Di setiap ubin masjid, di setiap jalan menuju pantai, dan di setiap cerita rakyat, tersimpan kisah tentang keuletan dan kesetiaan orang Meulaboh menjaga peradaban mereka.
Selamat Ulang Tahun, Meulaboh
Hari ini, kita tidak hanya merayakan ulang tahun sebuah kota. Kita sedang menyapa ingatan dan masa depan sekaligus —mengingat dari mana kita berasal dan ke mana kita ingin melangkah.
Selamat Ulang Tahun ke-437 Kota Meulaboh. Selamat kepada Bupati dan Wakil Bupati Aceh Barat beserta seluruh masyarakat yang telah menjaga denyut kehidupan di pesisir barat ini.
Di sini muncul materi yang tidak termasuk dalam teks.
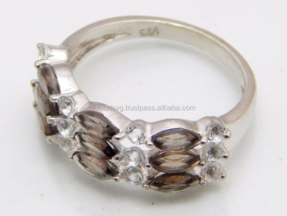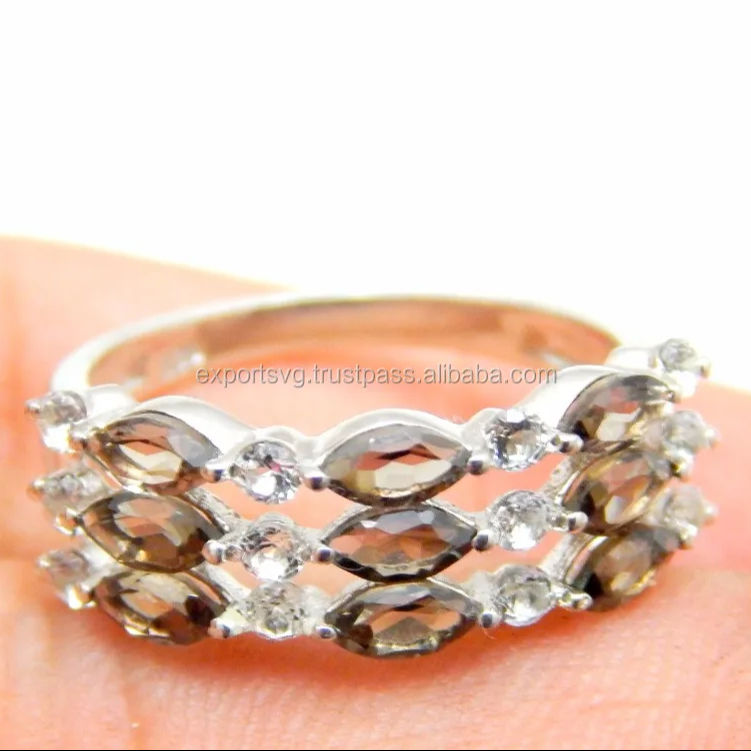 Mignon Quartz fumé pierres précieuses 925 argent Sterling classique bague de mariage bijoux de mode pour les femmes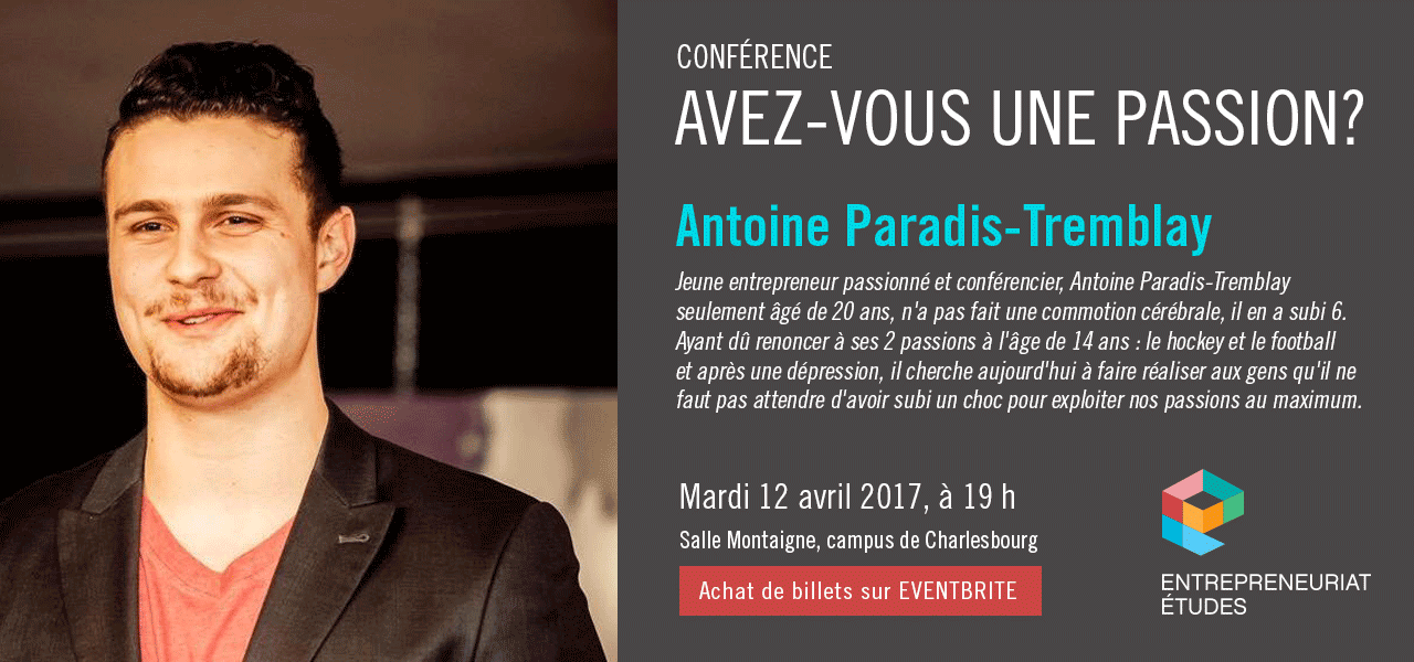 Dans le cadre de la programmation d’hiver 2017 d’Entrepreneuriat-études, nous vous invitons à assister à la conférence « Avez-vous une passion? » d’Antoine Paradis-Tremblay, le mercredi 12 avril 2017, à 19 h, à la salle Montaigne du campus de Charlesbourg.

Semoga Meulaboh tetap menjadi kota sejarah yang hidup di masa depan, bukan sekadar dikenang di masa lalu. Sebab Meulaboh bukan hanya tempat di peta, ia adalah ibu dari banyak kabupaten dan satu kota, pelabuhan kasih, dan jiwa peradaban Aceh Barat Raya.
“Selamat ulang tahun, Meulaboh — wanita tua yang tetap anggun; seangkatan dengan Langsa, Lhokseumawe, dan Kutaraja. Engkau tetap menjadi ibu yang setia, menjaga cahaya di pantai barat Aceh, tempat sejarah dan cinta tak pernah padam.”